4. Worldwide Underground

-I first thought this was her worst album when I set out to make this list. However, I was truly wrong. This album is very solid, and her most underrated project, with a bit of a true revolutionary feel to it. Some of my favorite songs on this album all possess this soulful and slightly triumphant feel to them. Songs like "Danger", "Love of My Life", and the electric single "Back In the Day" are all special tracks that elevate the overall quality of the album. As I've said, Badu doesn't have bad albums, she just has albums that falls short of her previous classics. This album falls short and is middle of the road in her catalog, but it's still a great listen.

3. New Amerykah Part One

-This is a groundbreaking album to me. This album came at a time when Badu had no creative inspiration and was trapped in writer's block. She felt she needed to make music that was game changing and as she went on her Frustrated Artists tour, she would let the title of the tour speak for where she was as an artist. Years later, after another child and finding inspiration, she arrives at this album, which to me is a near classic. Reaching out to Dilla before his death, Questlove, 9th Wonder, and Madlib, she set out to make something special and this album would turn out to be exactly that.

From songs like "The Healer", the smooth "Me", the booming "Soldier", and "That Hump", Badu let her creativity shine through yet again and the results are immaculate. My two favorite songs on this album are "Master Teacher" and the somber "Telephone", as you can feel the soul of Badu shining through during these records. The "Master Teacher" track is especially poignant, as Georgia Anne Muldrow shows up to give it an extra boost. A great album without a doubt.

2. Baduizm

-This is probably her most famous album, and her most critically acclaimed project overall I'd say. However, while the average fan might call it her best, and it has a heavy case for that, it doesn't take the top spot. Still, this album is a true classic with some of her most notable songson here like the debut single "On and On", "Otherside Of The Game", "Certainly", and the slow, neo soul vibe of "Next Lifetime". The Jazz influenced production also carries the album, as Badu smoothly layers her vocals to create a masterpiece.
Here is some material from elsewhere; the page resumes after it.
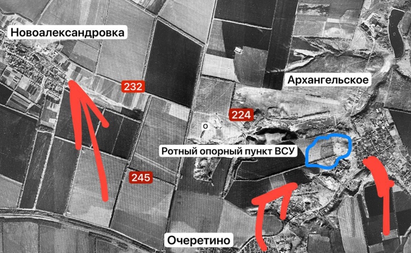Ряд военных телеграм-каналов сообщает, что штурмовые отряды ВС РФ подошли вплотную к н.п. Новоалександровка и практически отбили у противника большую часть н.п. Архангельское, атаковав с юга. Сейчас идет штурм опорного пункта ВСУ на западной окраине села. Основная высота «точка 245» под нашим контролем. Остальные высоты и опорники на них сейчас под штурмом. С их взятием, оборона противника на этом направлении рухнет. Откроется дорога на н.п. Калиново, а южнее на н.п. Сокол.
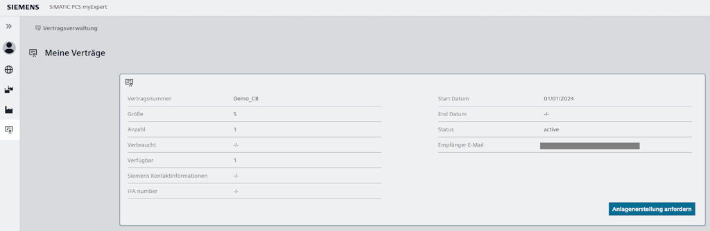 Der dargestellte Bereich zeigt den Contract view von einem Nutzer mit einem zugewiesenen Vertrag der Größe "S". Die Ansicht enthält Informationen zu Vertragsnummer, Größe, verfügbaren sowie verbrauchten Anlagen, Start und End Datum und den Status des Vertrags. Über die Schaltfläche "Anlagenerstellung anfordern" kann mit vorhandener SID eine Anlage zu diesem Vertrag erstellt werden.

The album was certified triple platinum, making it her highest selling album overall, and it remains one of the biggest moments and projects in the Neo Soul genre period. Baduizm is the beginning of this near 20 year journey.

1. Mama's Gun 

-This album is amazing. I've covered it in a separate article before, and as I said then, this is her greatest work. Badu created something that truly touched on topics such as self worth and esteem, police brutality, and the breakdown of relationships, along with her own emotional journey and soul searching. It feels like her most personal album honestly, as you would assume these topics she wrote about were all internal instead of just intended as universal ideas. Badu shines on every song, but her greatest song ever to me will remain the Dilla assisted production "Didn't Cha Know". The music is so flawless, and the beat touches your soul without a doubt. The lyrics are also so special, as she details "losing her way" on the journey of life. It's a great way to get familiar with the struggle of Badu in love, life, and more.

Other great songs here include the single "Bag Lady"(a truly powerful song about emotional baggage), "Green Eyes", "Orange Moon", "Cleva", and more. This album is a must have and must listen for any music collection. Out of all the albums in the 2000s for soul and R&B, this remains in my top 10 personally.